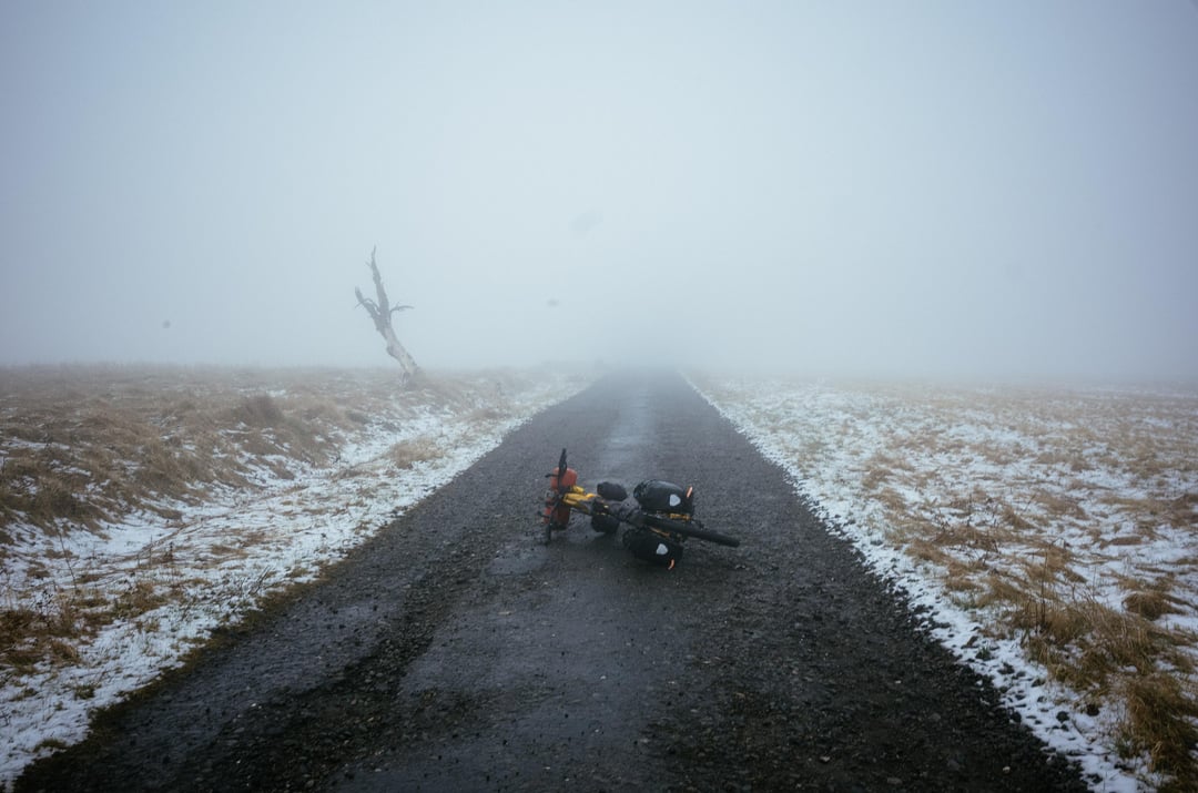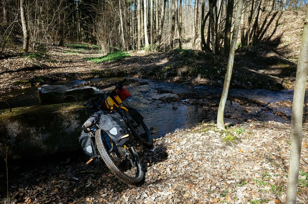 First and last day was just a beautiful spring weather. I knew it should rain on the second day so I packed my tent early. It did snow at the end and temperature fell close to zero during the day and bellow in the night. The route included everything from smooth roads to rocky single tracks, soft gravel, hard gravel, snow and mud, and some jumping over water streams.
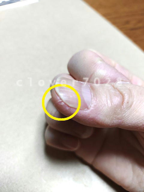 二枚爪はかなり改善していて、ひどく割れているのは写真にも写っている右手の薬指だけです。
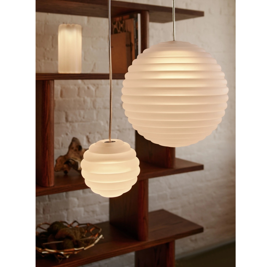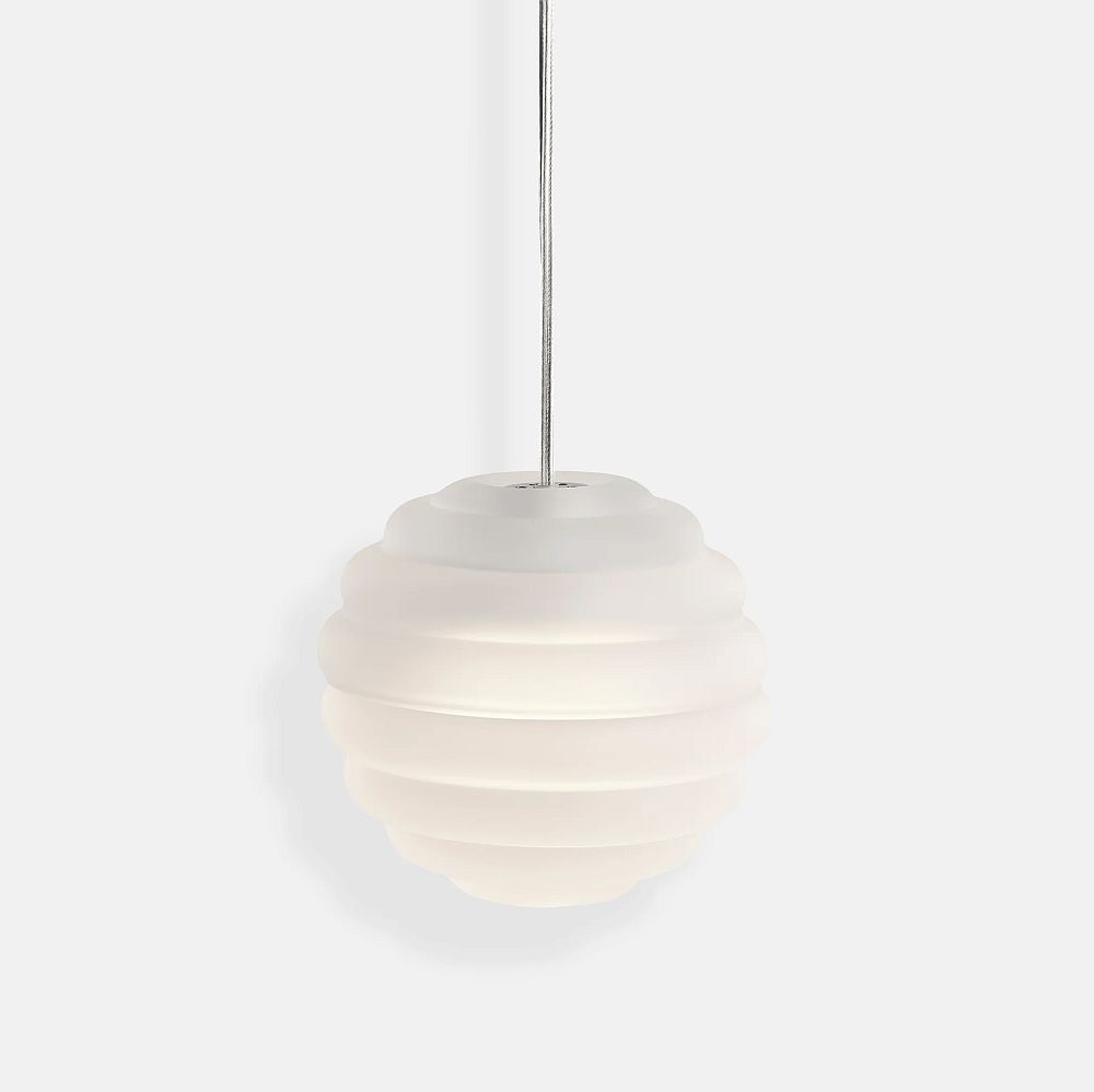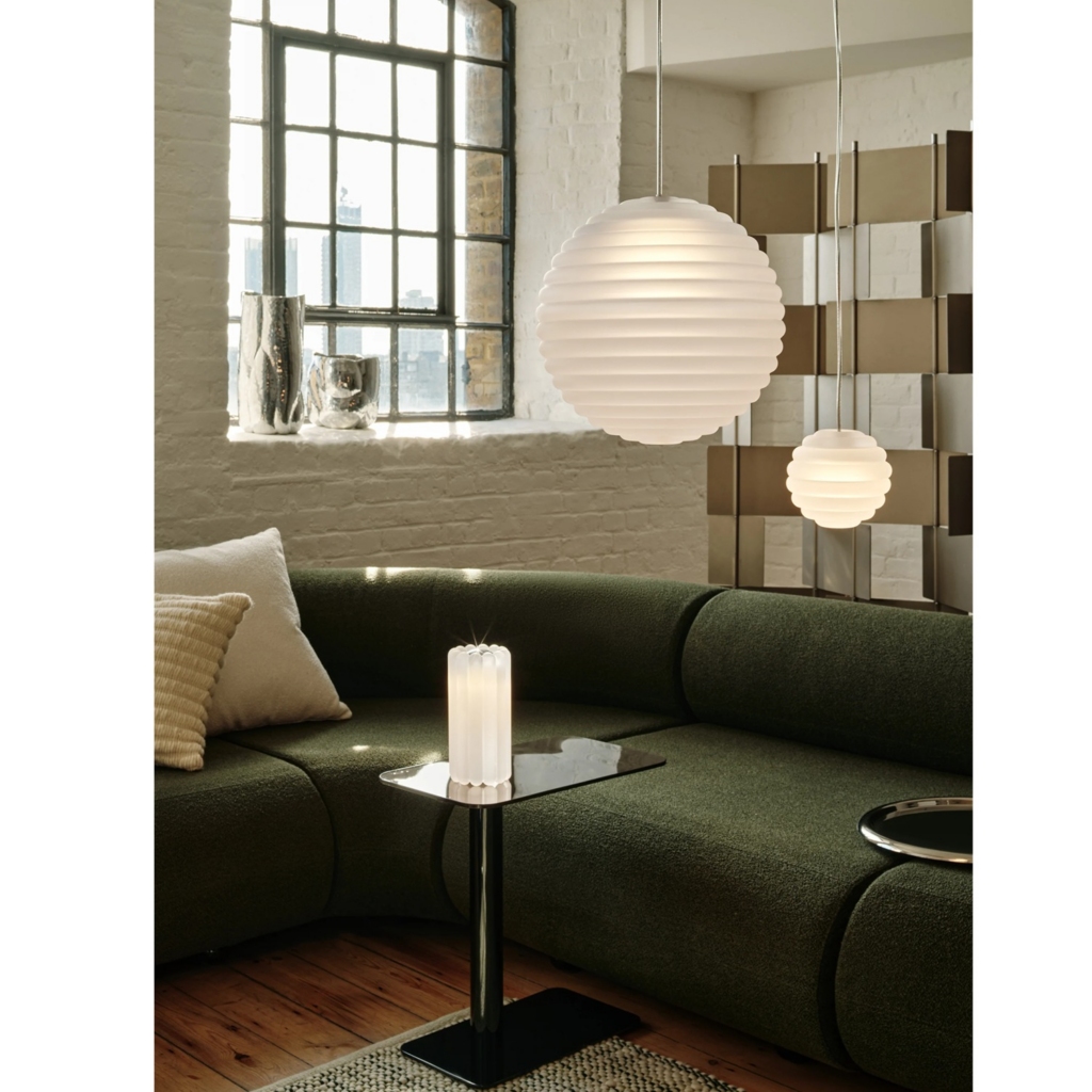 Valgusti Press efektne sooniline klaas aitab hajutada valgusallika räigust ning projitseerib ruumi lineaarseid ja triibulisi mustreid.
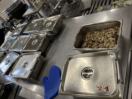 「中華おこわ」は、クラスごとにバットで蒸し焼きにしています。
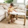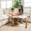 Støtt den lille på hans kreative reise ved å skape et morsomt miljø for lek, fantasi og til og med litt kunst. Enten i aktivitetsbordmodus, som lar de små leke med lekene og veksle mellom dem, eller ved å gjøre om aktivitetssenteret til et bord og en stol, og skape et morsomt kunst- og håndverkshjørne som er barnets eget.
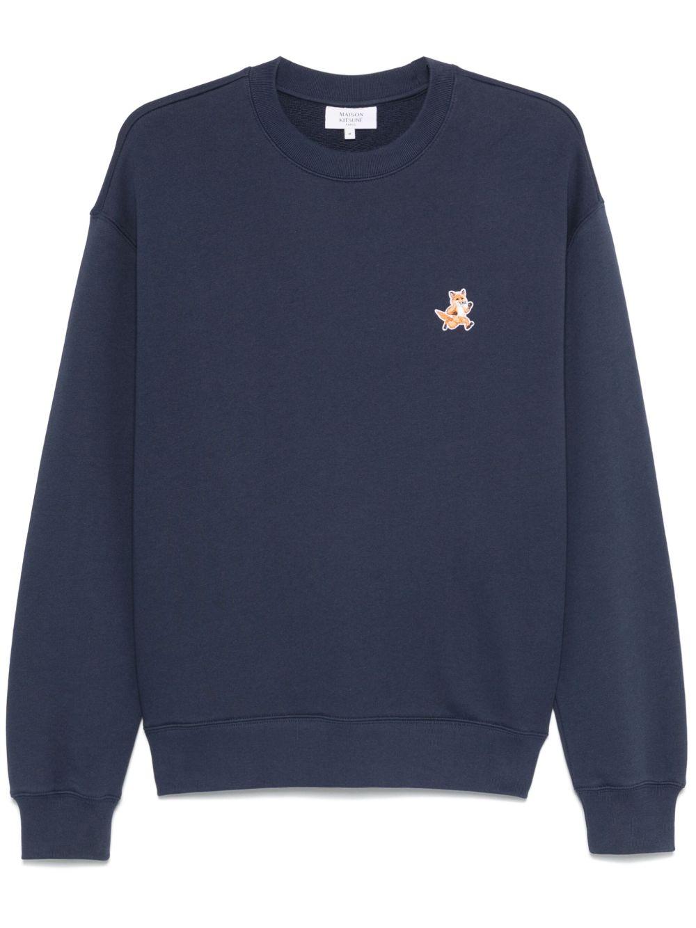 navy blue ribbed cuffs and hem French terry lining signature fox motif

-.-.-

• BRIEF: Exclude the pictures and transcribe all of the entries exactly.

• FINAL ANSWER:
 First and last day was just a beautiful spring weather. I knew it should rain on the second day so I packed my tent early. It did snow at the end and temperature fell close to zero during the day and bellow in the night. The route included everything from smooth roads to rocky single tracks, soft gravel, hard gravel, snow and mud, and some jumping over water streams.
 二枚爪はかなり改善していて、ひどく割れているのは写真にも写っている右手の薬指だけです。
 Valgusti Press efektne sooniline klaas aitab hajutada valgusallika räigust ning projitseerib ruumi lineaarseid ja triibulisi mustreid.
 「中華おこわ」は、クラスごとにバットで蒸し焼きにしています。
 Støtt den lille på hans kreative reise ved å skape et morsomt miljø for lek, fantasi og til og med litt kunst. Enten i aktivitetsbordmodus, som lar de små leke med lekene og veksle mellom dem, eller ved å gjøre om aktivitetssenteret til et bord og en stol, og skape et morsomt kunst- og håndverkshjørne som er barnets eget.
 navy blue ribbed cuffs and hem French terry lining signature fox motif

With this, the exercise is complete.